Они уже чувствуют запах давно не мытых тел, волной исходящий от плотных шеренг белых рабов - те все тянут на своем языке: "Боги святые, боги крепкие"... Из раздавшейся передней шеренги к Веному и Тауку устремляются трое. Высокий, плечистый темнокожий - это, судя по всему, барон Рриоо. Лина Джаспер, наша пропавшая "ноль пятнадцать", она же виконтесса Лиина Шер Гахоо, одета почему-то в форму оанаинской береговой охраны с сержантскими погонами. Рядом с ней и бароном бежит перепуганный белый рыжеволосый мальчик
– Виконтесса Шер Гахоо!
– гремит голос с неба.
– Лечь на землю, руки в стороны! Вы и ваши спутники арестованы! В случае неповиновения открываю огонь!
Визг, мяв и блеянье со стороны кустов внезапно взмывают в какой-то стогласный вой, и десятки передовых бесов, визжа, бегом кидаются вперед.
– Бел нейр амис, бел овамис!
– надрываясь, тянут, не отрывая глаз от стылого осеннего утреннего неба, белые шеренги на холме.
– Шаг!
– кричит Лина, подбегая.
– Шаг, прости!
– Я же говорил.
– Голос Кауста в эфире падает до трагического шепота.
Я ничего не говорю - я оцепенел, мне нечего ни скомандовать, ни просто по-человечески сказать, с языка только так и рвется дурацкое "прощайте, ребята", но я молчу.

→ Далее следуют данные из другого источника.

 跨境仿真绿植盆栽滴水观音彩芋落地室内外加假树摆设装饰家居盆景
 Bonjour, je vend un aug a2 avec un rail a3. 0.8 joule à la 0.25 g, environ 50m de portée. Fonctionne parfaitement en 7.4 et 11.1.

Краем сознания я вижу, как Айрапетян в рубке отводит веббер и прикрывает глаза рукой.
Таук!
Это делает Таук.
Вот когда я чувствую всю его психократическую мощь. Всю, без остатка. Я бросаю мысленный взгляд на индикацию. Триста шестьдесят вуалей в разряде! Не Шалеанский Ока, конечно, но...

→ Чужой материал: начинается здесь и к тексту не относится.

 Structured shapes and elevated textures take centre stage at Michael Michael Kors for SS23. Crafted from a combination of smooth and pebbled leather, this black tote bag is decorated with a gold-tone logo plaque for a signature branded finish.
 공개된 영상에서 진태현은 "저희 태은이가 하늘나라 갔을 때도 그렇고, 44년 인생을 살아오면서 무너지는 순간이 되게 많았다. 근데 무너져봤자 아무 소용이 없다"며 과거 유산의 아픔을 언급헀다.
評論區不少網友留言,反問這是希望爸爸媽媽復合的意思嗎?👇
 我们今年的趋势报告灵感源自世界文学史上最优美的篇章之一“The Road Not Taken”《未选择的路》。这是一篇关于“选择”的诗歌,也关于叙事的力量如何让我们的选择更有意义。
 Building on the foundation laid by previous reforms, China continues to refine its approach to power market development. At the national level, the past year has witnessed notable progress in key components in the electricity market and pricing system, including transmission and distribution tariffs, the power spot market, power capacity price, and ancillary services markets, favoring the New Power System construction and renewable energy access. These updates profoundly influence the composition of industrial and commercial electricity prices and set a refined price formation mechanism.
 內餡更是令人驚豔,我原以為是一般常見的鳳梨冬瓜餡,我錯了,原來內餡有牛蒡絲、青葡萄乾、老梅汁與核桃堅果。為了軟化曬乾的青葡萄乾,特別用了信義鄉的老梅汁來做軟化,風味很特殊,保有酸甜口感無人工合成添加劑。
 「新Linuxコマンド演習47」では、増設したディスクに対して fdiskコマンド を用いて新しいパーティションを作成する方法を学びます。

Четыре быстрых, решительных взмаха руками. Со стороны тех, кто вопит сейчас там, на холме, это, наверное, ощущается так, будто всем им одновременно кто-то смазал холодной мокрой тряпкой по лицу. В несколько секунд пение и крик стихают. Я еще успеваю увидеть растерянные лица рабов на холме, а Таук уже поворачивается.
Разряд!
Более слабого психократа такое усилие погубило бы на месте - но Таук, я чувствую это, полностью уверен в том, что он делает. Вертолеты, качнувшись, одновременно отваливают на правый борт одновременно с резким набором высоты и стремительно уходят из поля зрения. Еще бы, пилотам одновременно показалось, что на высоте двадцати метров над землей их машины ожидает внезапный, ужасающей силы шквал, а перемена ветра на такой высоте - верная гибель для вертолета.
Гренадер поворачивается.
До них, передовых, уже всего метров двадцать, и уже пахнет серой и мокрой псиной, и видно, как у них пылают красным светом широко, по-собачьи расставленные глаза.
Левая рука мичмана Таука взлетает вверх - указательный и средний пальцы подняты, остальные прижаты к ладони.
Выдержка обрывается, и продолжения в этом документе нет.